Vanilla Whey Protein Shake with Milk is a refreshing, nutritious beverage that has found its place in modern Indian kitchens, especially among fitness enthusiasts and those seeking healthy meal options. While protein shakes are a global concept, their integration into Indian diets has grown rapidly, thanks to the increasing awareness about balanced nutrition and the need for high-protein meals. Traditionally, milk (doodh) is a staple in Indian households, and combining it with vanilla whey protein powder creates a delicious, creamy shake that suits both urban and rural palates. This shake is perfect for busy mornings, post-workout recovery, or as a quick lunch replacement when time is short. The subtle vanilla flavor, combined with the richness of milk and the goodness of nuts and seeds, makes it both tasty and filling. In India, beverages like lassi and badam doodh have always been cherished, and the Vanilla Whey Protein Shake is a contemporary take on these classics. It can be enjoyed during festivals like Holi or Diwali, especially by those who want to balance traditional indulgence with health-conscious choices. With easy-to-find ingredients and simple preparation steps, this recipe is suitable for all ages and fitness levels.

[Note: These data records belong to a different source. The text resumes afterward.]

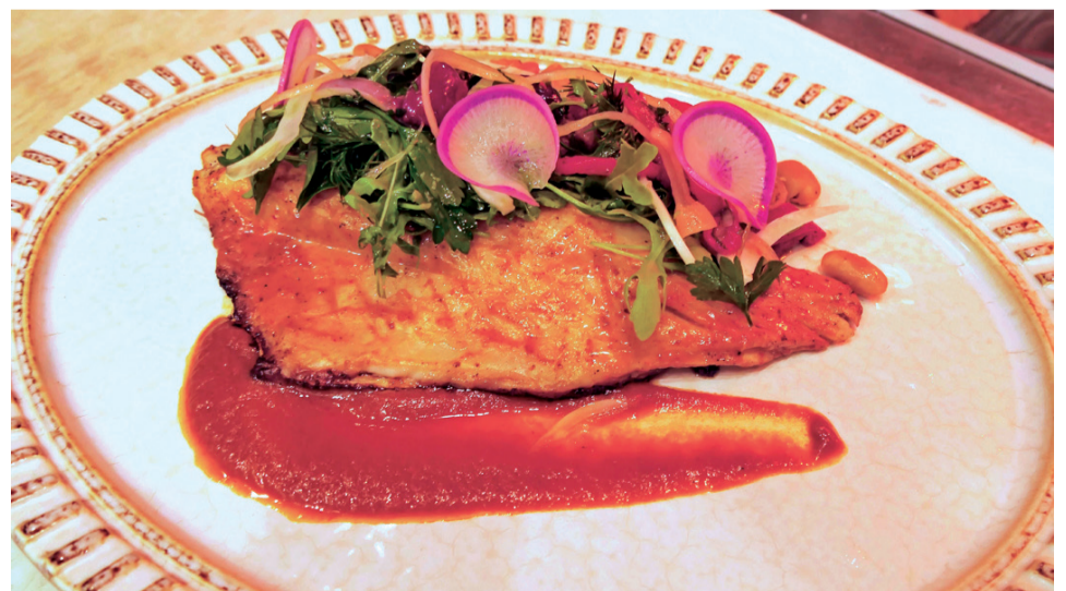
Grand finale—Branzino with fennel-olive relish.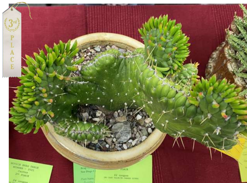
3rd : Austrocylindropuntia subulate crest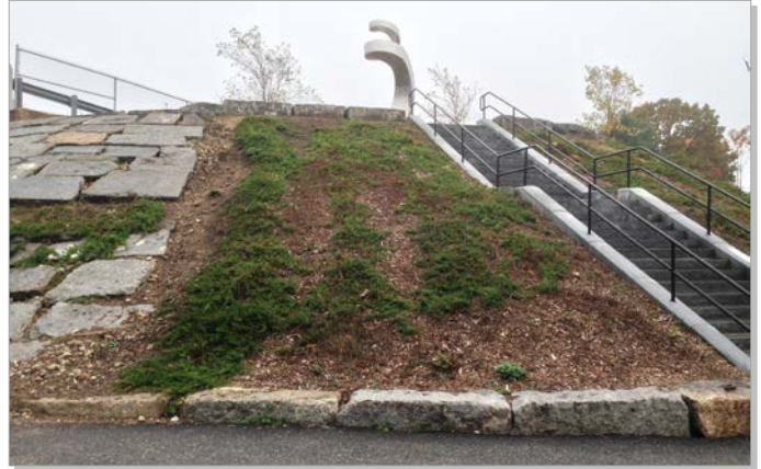
Increased maintenance of sloped planting areas improves appearance of the trail's problem areas.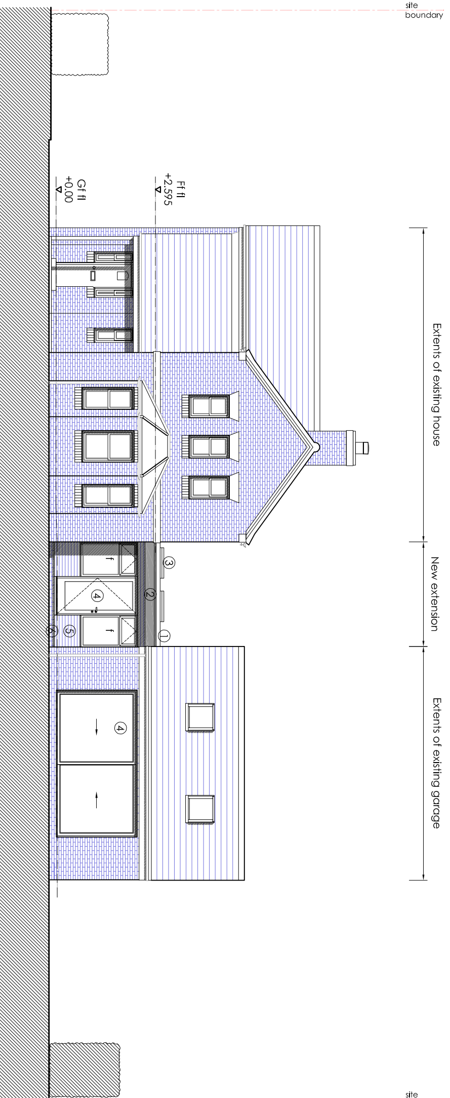
Proposed south elevation (side) Scale 1:100 @ A3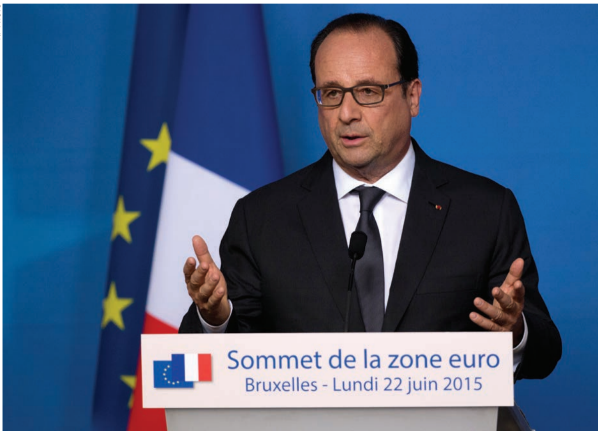
In this June 22 file photo, French President Francois Hollande speaks during a media conference at an EU summit in Brussels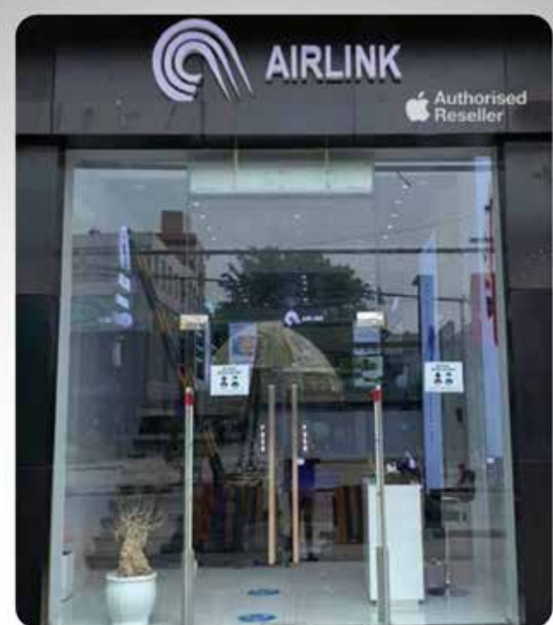
AIR LINK FLAGSHIP STORE XINHUA MALL, LAHORE

ISLAMABAD: To prevent the spread of blasphemy content on social media and raise awareness about it, a non-governmental organization 'Legal Commission on Blasphemy Pakistan' has announced to observe "Youm-e-Tahafuz-Namoos-e-Rasalat" on March 15. The commission has appealed to the public to participate in this awareness campaign actively. According to a statement issued by the commission, there has been an increase in the spread of blasphemous content by some malicious elements on various social media platforms. Also, an increase in sharing of such content in specific groups on various websites has been reported. In this regard, the commission said, educational institutions, mosque imams, intelligentsia, lawyers, media representatives, social media activists, and religious, and political leaders can play an important role to sensitize the masses about the negative impacts of blasphemous content on social media. To control this phenomenon, the commission urged that all sections of society including governmental and non-governmental organizations, must play their part.—DNA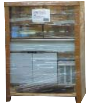
New Packaging 100 % recyclable carton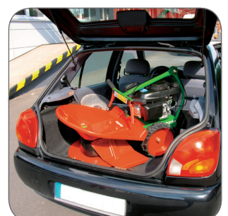
...for easy transport

Diabetic-Friendly Weight Loss Kid-Friendly Vegan Adaptable
Allergens: dairy

Ingredients(for 1 tall glass (approx 250 ml))

  • 2 cups Low-fat milk (doodh) (Use toned milk for fewer calories)
  • 2 scoops (about 30g) Vanilla whey protein powder
  • 1 tbsp Honey (shahad) (Natural sweetener) - optional
  • 1 tsp Chia seeds (sabja) (Adds fiber & texture) - optional
  • 1 tbsp Almonds (badam), chopped (Adds crunch & nutrition) - optional
  • 1/4 tsp Cardamom powder (elaichi) (For Indian aroma) - optional
  • 6-8 Ice cubes - optional
  • 1/2 tsp Vanilla essence (Boosts flavor) - optional
  • 1 small Banana (kela), sliced (Optional for extra creaminess) - optional
  • A pinch Salt (namak) - optional

Instructions

  1. 1

    Pour low-fat milk (doodh) into a blender jar.

    2 minutes

    Use chilled milk for a frothy, refreshing shake.

  2. 2

    Add vanilla whey protein powder and vanilla essence to the milk.

    2 minutes

    Ensure the protein powder is measured accurately for correct macros.

  3. 3

    Add honey (shahad) or your preferred sweetener, cardamom powder (elaichi), and a pinch of salt (namak).

    2 minutes

    Honey can be replaced by stevia for lower calories.

  4. 4

    Drop in ice cubes, chia seeds (sabja), and sliced banana (kela) if desired.

    3 minutes

    Banana adds creaminess and sweetness; chia seeds boost fiber.

Why This Dish is Healthy

The shake is a healthy choice because it uses low-fat milk (doodh), minimal natural sweeteners, and nutrient-dense toppings like nuts and seeds. Whey protein aids in muscle repair and keeps you full longer, supporting weight management and fitness goals. The recipe avoids refined sugar and artificial ingredients, ensuring a clean, energizing beverage suitable for most diets. Its high protein and low fat content make it ideal for those tracking calories and macros.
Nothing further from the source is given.